The first section of proper scrambling we came to was quite a steep descent for around 10m. Mostly composed of smooth steep angled slabs, I personally think this was probably the toughest section on the whole ridge. A slip would give quite a long fall. In fact, it was the descents along the whole ridge which proved to be the most difficult sections.
Although slightly damp in some places, the ridge itself was mostly dry. But in fully wet conditions, it is easy to see how serious some of the sections would be - especially considering the exposure.
Before coming onto the ridge I was told how the scrambling wasn't technical but the exposure was something to look out for. I can confirm this is true. As someone who is not much of a climber, I found that for pretty much all of the ridge, I was able to find reasonable hand and feet holds and generally feel secured on to the rock. The exposure certainly was serious in places, but I didn't find it off-putting (probably due to not looking down too much!).
The weather was perfect throughout the day (and indeed all weekend). When we reached the second Munro of the ridge, Sgorr nam Fiannaidh, we were treated to some spectacular views: the Mamores, Loch Leven and a slightly snowy Ben Nevis to name but a few.
All in all, this was a fantastic ridge walk. Nothing too technical, some great views and a wee bit of exposure to keep you on your toes. But it is very easy to see how this would be a significant challenge in strong wind and rain. In winter even more so - with a grade II rating.
After a stop off in the pub on the way back, we arrived back at the hut at around 7:45pm. It seemed everyone had a good day on their chosen routes and were ready for dinner followed by the DURC traditional fun and games. None of the group had been to this hut before and we were pleasantly surprised by its quality (flushing toilet and a shower!).
A good time was had by all and we will surely be visiting this hut again. The fine conditions made everything that more enjoyable (and changed my opinion of Glen Coe) but with perfect weather on both the first meets so far this year, could it possibly continue for a 3rd week?
Written by: | Brett Gregory |
Photos: | Caren Kresse |
Walking - Buachaille Etive Mor: Saturday 22nd September 2012
Nikki and Jim chose the relatively straightforward route of Buachaille Etive Mor, a 4.5 mile ridge walk with two Munros at each end: Stob Dearg and Stob na Broige.
We quickly found that much of the initial route was a little icy, the product of an overnight frost and an ascent corrie still in shadow. It inspired a bit of caution, but still it wasn't too long before we reached the top of Coire na Tulaich, and were able to start enjoying the views afforded by the iconic Stob Dearg.
Crossing the ridge involved a leisurely plod up Stob na Doire, a steep drop to Stob Coire Altruim then an easy-going rise to the final Munro, Stob na Broige.

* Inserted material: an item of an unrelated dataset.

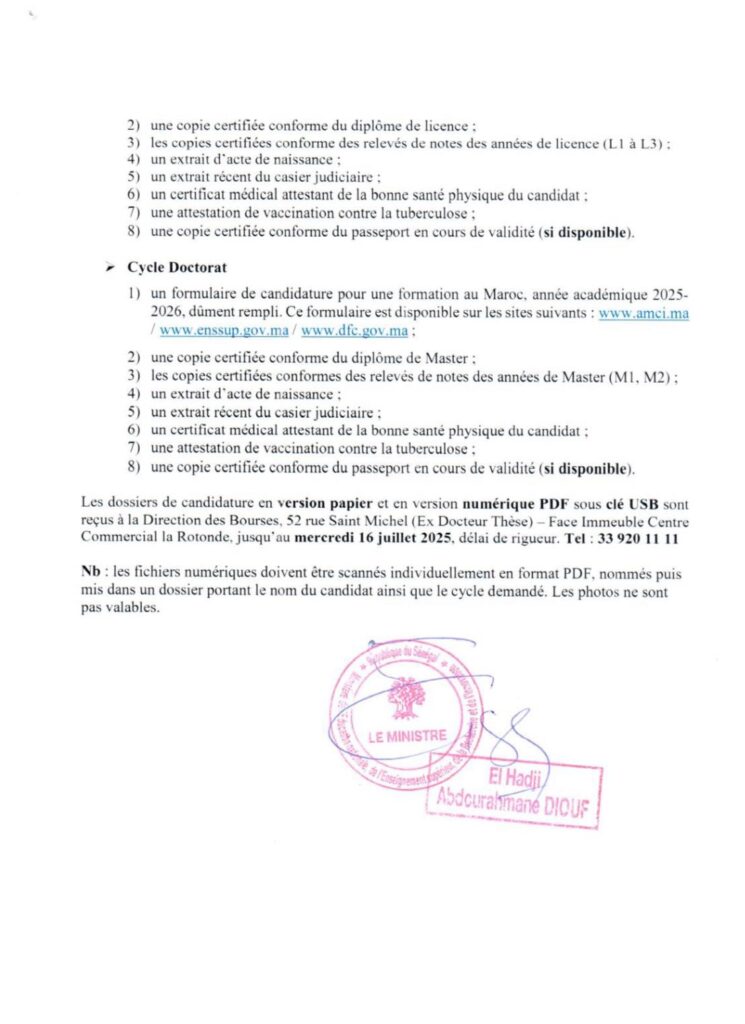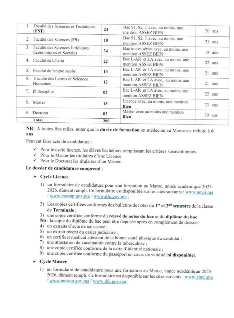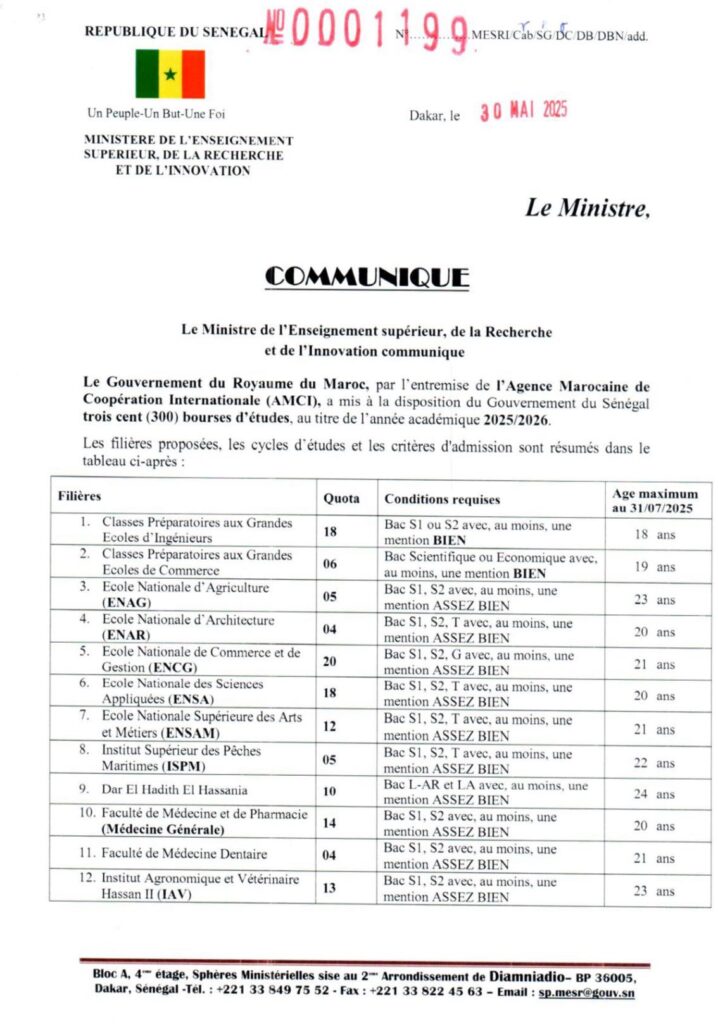 Le ministère de l’Enseignement supérieur, de la Recherche et de l’Innovation annonce que le Gouvernement du Royaume du Maroc, par l’intermédiaire de l’Agence Marocaine de Coopération Internationale (AMCI), a mis à la disposition du Sénégal trois cents (300) bourses d’études pour l’année académique 2025/2026. Les filières proposées, les cycles d’études et les critères d’admission sont détaillés dans le tableau ci-après.

From here we backtracked to the descent route to Lairig Cartain at the corrie. Despite Jim getting held up at the lower slabs, we were back at the hut in reasonable time and got the communal meal started, a spaghetti bolognese that could've been better but which was nonetheless eaten without too much protest!
It was a memorable day in great weather, and for Jim fulfilled an ambition of getting a decent view from Stob Dearg.
Words & photos: | James Simpkins |
Climbing - Saturday 22nd September 2012
After an unexpectedly long night of fun and games going on till the early hours of the morning, the climbers (Calum, Jason, Michael, Steve and Guy) decided to make the most of the spectacular Lagangarbh hut's location and set some routes on Rannoch Wall as our objective.
We woke up to a chilly September frost but quickly warmed up on the approach to Curved Ridge (mod).
The ridge by itself would make a fantastic day out on its own, giving superb exposed scrambling on good holds and sound rock that weaves a path up the steep eastern flanks of Buachaille Etive Mor. However, our objective was Rannoch wall, so we veered off the ridge into Easy Gully before the final steep bit.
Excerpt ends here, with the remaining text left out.